“Go Down the Cellar”



Day or night, it was my crown of thorns to
“Go down the cellar”
-- be it for coal or to put a penny in the gas meter.
Bad enough during daylight hours but during the night time
it was sheer terror! There was a cubby-hole halfway down
the cellar steps bereft of door;
from the jet black interior came
the sound of gusts of wind . . . more like sighs --
I never doubted it was a cry for help from lost souls.
Then there was the faint noise of water trickling --
it was said a stream ran parallel with the houses on the street,
and eventually it wound up at the River Mersey.

At night I’d shudder whenever the gaslight grew dim
or the gas stove flames started to sputter. . .
I knew my mother would tell me to “Go down the cellar.”

This would be a terror trip. Speed was of the essence.
First I would twist the Liverpool Echo into one long spill,
thick and sturdy as one of Lady Guinevere’s plaits.
I would light the end, run, trying to outdo the speed of light,
bouncing down the steps, racing past the gurgling cubby-hole,
sliding along the packed dirt floor, holding my Olympic torch.

The gas meter was a dull red cast-iron box, looking very
formidable with a heavy dangling padlock just below
the penny-slot (a sort of warning not to try to steal
from the Liverpool gas company).

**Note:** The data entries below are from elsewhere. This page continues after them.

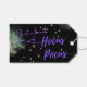 A perfect Happy Halloween Hocus Pocus gift tag designed with vibrant violet lettering and smoky stars on a black background.
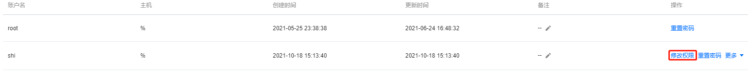ALTER | 修改数据库中表的结构,包括修改表的字段、增加表字段、删除表字段、增加和删除表的索引等操作的权限。 |
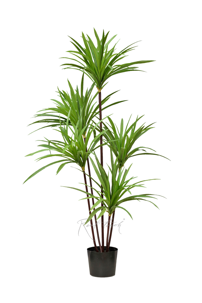 Утонченная, но в то же время пышная драцена - такое впечатление создается благодаря тонким коричневым стеблям разной высоты, которые венчаются "шапками" из множества узких зеленых листьев. Стебли можно раздвинуть, чтобы создать еще больший объем. Между стеблями и листьями есть желтая окантовка, имитирующая опавшие сухие листочки. Листья сделаны из мягкого пластика. Драцены идут в технических кашпо и представлены в 3-х размерах: 120, 150 и 180 см.
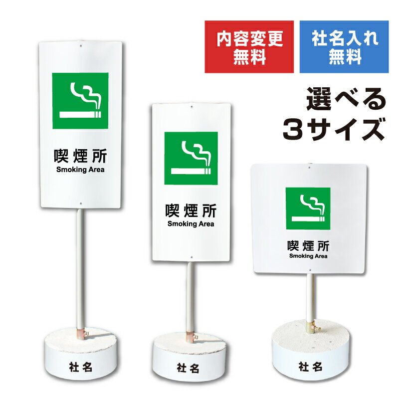【内容変更可能 社名入り】 当店オリジナル まかせなサイン 両面広告 【 喫煙エリア 】置き看板 スタンド看板 立て看板 屋外 会社 ビル マンション 駐車場 看板 サイン コンクリートブロック付き os-45-whiteblock
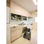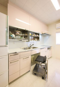電動昇降食器乾燥機や座るワゴンを備えた最新のキッチンで料理の負担を軽減しています
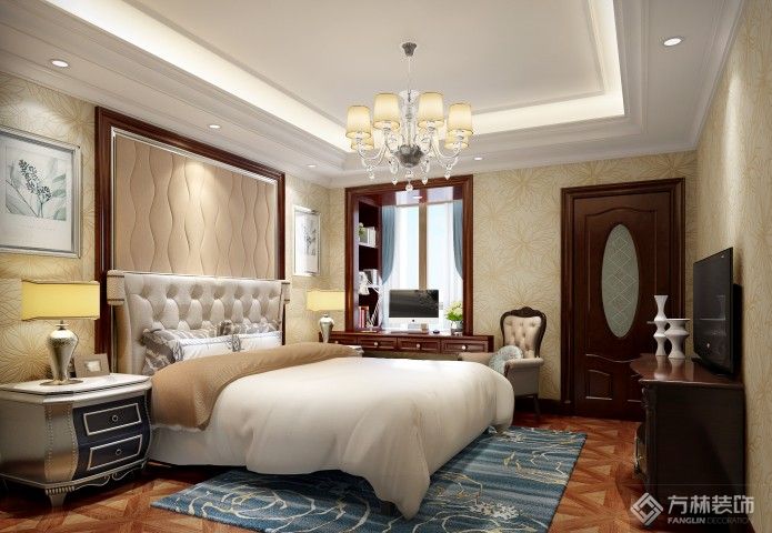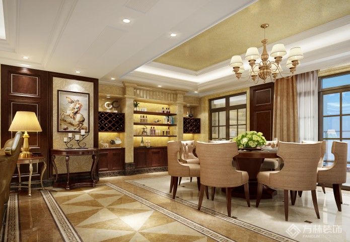 设计理念:古典欧式风格装修最大的特点是在造型上极其讲究,给人的感觉端庄典雅、高贵华丽,具有浓厚的文化气息。在家具选配上,一般采用宽大精美的家具,配以精致的雕刻,整体营造出一种华丽、高贵、温馨的感觉。在配饰上,金黄色和棕色的配饰衬托出古典家具的高贵与优雅,赋予古典美感的窗帘和地毯、造型古朴的吊灯使整个空间看起来赋予韵律感且大方典雅,柔和的浅色花艺为整个空间带来了柔美的气质,给人以开放、宽容的非凡气度,让人丝毫不显局促
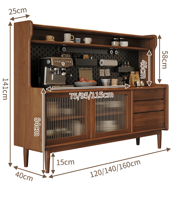 Solid Wood Sideboard Cabinet with Coffee Bar: Functionality Meets Elegance
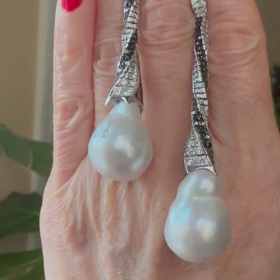 Assael Inc. South Sea Baroque Pearl, White & Black Diamond Earrings 18k
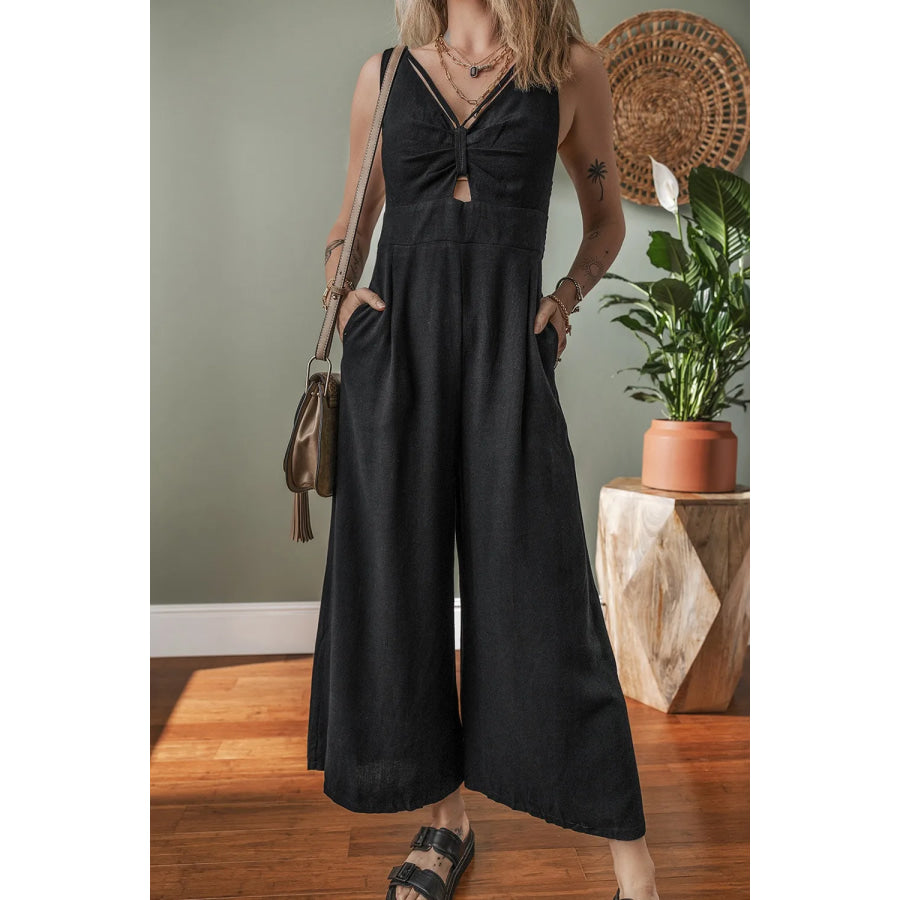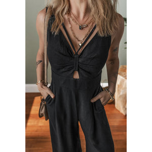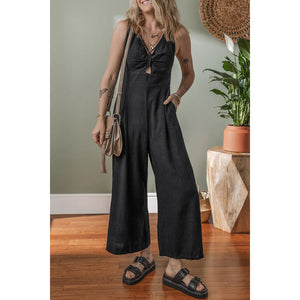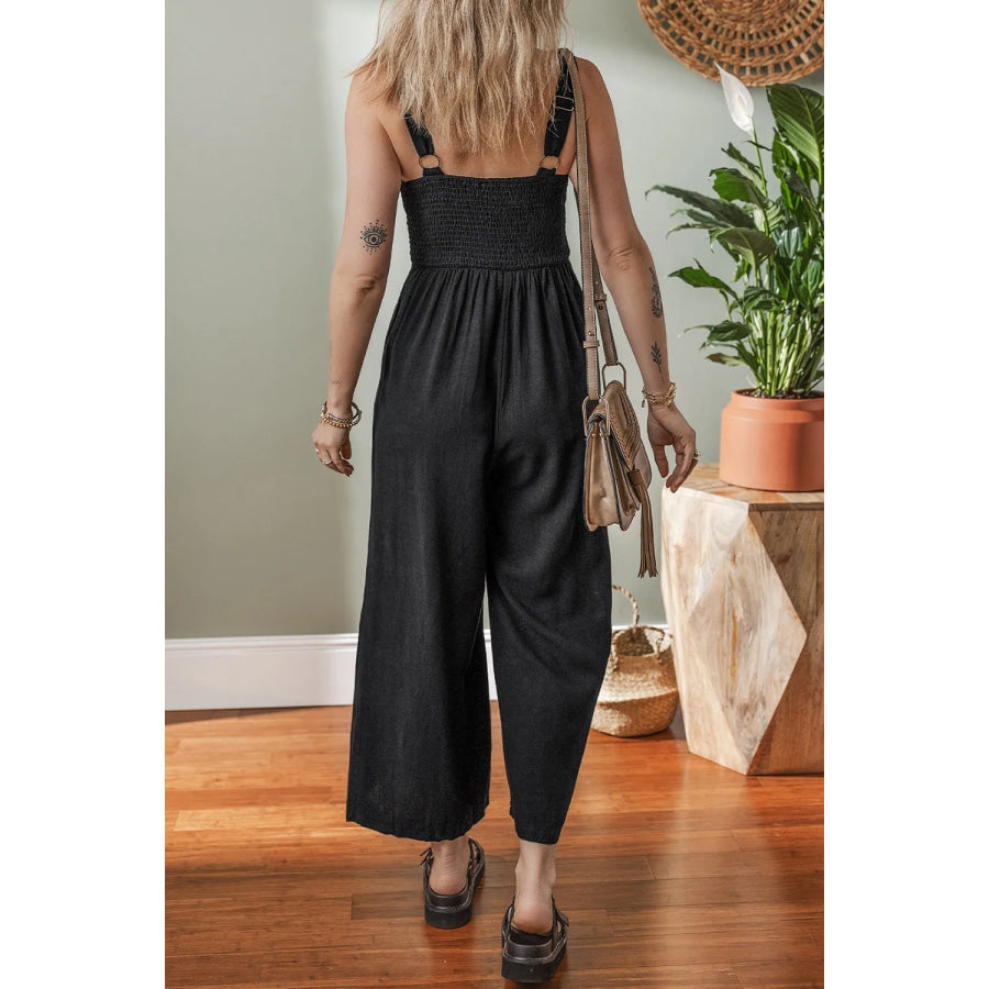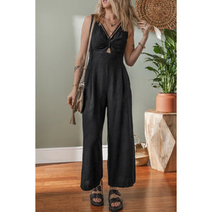 Front Cut Out Smocked Back Sleeveless Wide Leg Jumpsuit

Directly above
was a gas jet without benefit of mantle or globe.
A gas jet that could hiss and spiral two feet in the air,
yet be coaxed into the submission of being
a mere flicker as of a match flame.

Sometimes I would be lucky enough to make it. . . but usually
the paper would burn itself out as soon as I had lit the gas jet.
There’d be the frantic search in the dimness for the penny-slot,
then the precaution of making sure the gas jet was turned off.
I then became a blind girl, groping along damp walls, slithering
on the slippery floor, crawling past cubby-hole on hands and knees.
At last I reached the warmth and comfort of the well-lit kitchen,
although my heart would be pounding like a sledge hammer.

Now, these feats of bravery did not go unrewarded.
Whenever the gas man came and emptied the meter
on the kitchen table, he would stack the pennies in neat
piles, and the “discount” would be handed over to me.

Of course, there was always a catch to these benefits, for,
when there was an emergency, we’d use a foreign coin. . .
These would be deducted from my bonus! You can’t win!